Grandiose, le lancement d'Amazon France organisé en septembre 2000 à Paris, sur une dizaine de péniches amarrées au pied de la BNF, annonçait l'arrivée, sur le marché français, d'un opérateur disposant d'une exceptionnelle force de frappe. Et de fait, en débarquant avec un service logistique performant, un centre d'appel multilingue pour les clients désireux de suivre leurs commandes, une base de données étendue et un moteur de recherche efficace, le site a vite marqué sa différence par rapport aux autres intervenants (Fnac.com, Alapage, Bol aujourd'hui disparu...) et a été le premier contributeur au décollage du e-commerce en France. Mais comme l'explique Régis Pineau, directeur commercial de Dunod, "la grande force d'Amazon est d'avoir tout de suite compris l'enjeu que représente la disponibilité des ouvrages, ce qui l'a rapidement conduit à élargir ses stocks ». Résultat, en une décennie, le site est devenu incontournable dans la vente de livres. Bien que l'intéressé ne communique aucun chiffre, la plupart des estimations lui attribuent 60 % des ventes de livres réalisées sur Internet... soit 60 % d'un segment représentant aujourd'hui 10 % du marché du livre, contre preque zéro il y a dix ans. Sachant que dans le même temps le marché du livre est resté globalement stable, on comprend bien que ce qui a été gagné d'un côté a été perdu de l'autre. Toutefois, en France, où les ventes en ligne ont démarré plus lentement qu'ailleurs, la prise de conscience du phénomène n'a pas été immédiate. Comme l'explique Joël Faucilhon, fondateur de Lekti-ecriture.com, "c'est entre 2004 et 2005 que le déclic a eu lieu lorsque les éditeurs se sont aperçus de l'importance que prenaient dans leurs ventes le e-commerce et en particulier Amazon.fr ».
« ASPIRATEUR DE FONDS. »
Fort de sa position et désireux de la consolider, le site a franchi deux étapes importantes avec l'ouverture en 2003 d'un marketplace accueillant l'offre de libraires partenaires, puis le lancement en 2006 de son programme Avantage qui consiste pour les éditeurs et les diffuseurs à placer leurs ouvrages à faible rotation en dépôt-vente dans les stocks du site. Visant au départ les petites structures, ce programme en a depuis attiré de plus importantes. Et pour cause. Un ouvrage présenté comme immédiatement disponible afficherait des ventes supérieures en moyenne de 30 %. "Amazon est ainsi devenu un véritable aspirateur de fonds pour les éditeurs », estime Joël Faucilhon.

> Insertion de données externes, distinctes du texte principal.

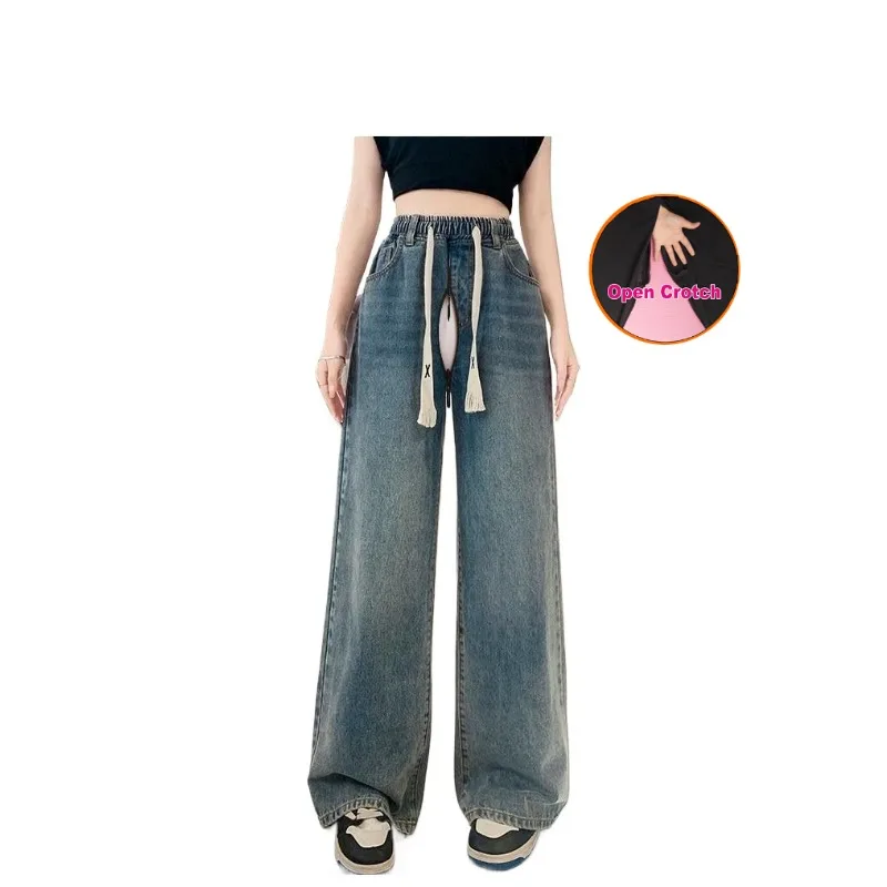 Dames open retro elastische taille jeans met trekkoord Dames lente Koreaanse versie Ins hoge taille skinny student recht breed

Mais surtout, en étant capable de proposer des délais de livraison compris entre 24 et 48 heures, Amazon.fr est venu concurrencer les libraires sur leur point fort. D'autant que le site n'a cessé d'enrichir ses services avec le programme Recherche au coeur, la livraison le soir pour les Parisiens... Par ailleurs, en offrant systématiquement les frais de port à partir du milieu des années 2000, il a fortement déstabilisé les rapports concurrentiels. "La gratuité du port a bouleversé le modèle économique du e-commerce, estime Renaud Vaillant, responsable marketing de Gibert Joseph. Les petites structures qui n'ont pas les moyens d'offrir ce coûteux service d'expédition se retrouvent encore plus marginalisées sur Internet. » Dès lors, estime Renaud Vaillant, "la clé de résistance pour les librairies repose de plus en plus sur le conseil, l'accueil et la pertinence de l'offre, quitte à ce que celle-ci se traduise par des partis pris forts ».
INTOLÉRABLE
Pour Matthieu de Montchalin, président du SLF et directeur de L'Armitière à Rouen, "la montée en puissance d'Amazon a surtout pointé certaines défaillances dans la chaîne du livre. Il est désormais intolérable pour les libraires de devoir attendre 4 à 6 jours avant de recevoir une commande. Les distributeurs doivent impérativement réduire leurs délais de traitement. En outre, il n'est pas normal que les éditeurs et les diffuseurs, dont certains acceptent les conditions commerciales hors norme d'Amazon, ne soutiennent pas mieux la présence d'ouvrages de fond en librairie ».